By Madeleine Pearce
Boston University Statehouse Program
With billions in federal aid available for the Massachusetts Legislature to spend, a Senate committee’s report makes recommendations for investments that target a more equitable future.
“Things are changing,” Senate President Karen Spilka said at a virtual news briefing on the report from the Senate’s Special Committee on Reimagining Massachusetts: Post-Pandemic Resiliency.
“We’re not exactly going back to the old normal,” Spilka said.
The 22-page report, released Tuesday, examines inequalities in internet access, employment, care, housing and transportation, with a focus on gender and racial gaps.

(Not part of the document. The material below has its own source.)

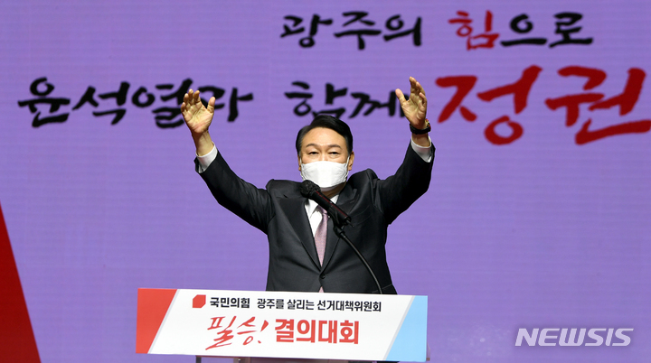 [광주=뉴시스] 류형근 기자 = 윤석열 국민의힘 대선후보가 6일 오후 광주 서구 김대중컨벤션센터에서 열린 '광주를 살리는 선거대책위원회 필승 결의대회'에 참석해 두손을 들어보이며 승리를 다짐하고 있다. 2022.02.06. [email protected]

State Sen. Adam Hinds, D-Pittsfield, who chairs the committee, joined Spilka on Tuesday for a tour of intergenerational care facilities in Swampscott, Cambridge and Newton.
Data gathered for the report showed women leaving the workplace to focus on child care at high rates, and emphasized the need to rework facilities to provide convenient and affordable intergenerational care.
“I have been particularly struck by the statistics on the devastating effects COVID-19 has had on women in the workplace,” Spilka said. “It’s clear to me that if we wish to have a full and equitable recovery, we must take a look at the factors that affect women’s employment at every level and in every sector.”
Mothers have spent more time on child care and less at work during the coronavirus pandemic, according to the report. Women also experienced the sharpest job losses. The report lists resources for “proximate and accessible, as well as affordable” intergenerational care as an immediate need as a result of the findings.
With more people working from home, the report also focused on the digital divide in Massachusetts.
“The data really pulls out this challenge of poverty being a factor,” Hinds said. “Who has access to the internet and who does not is abundantly clear when you look at the data.”
Hinds also emphasized the importance of making expensive equipment for using the internet more readily available. In addition, the report includes policy options for improving and expanding housing development, public transportation and income supports.
“We truly have worked to focus on the big issues,” Hinds said.
The Legislature has jurisdiction over about $4.8 billion in federal aid that the state received through the American Rescue Plan Act. Spilka has said the Legislature aims to spend some of the remaining money by Nov. 17, when its Thanksgiving recess begins.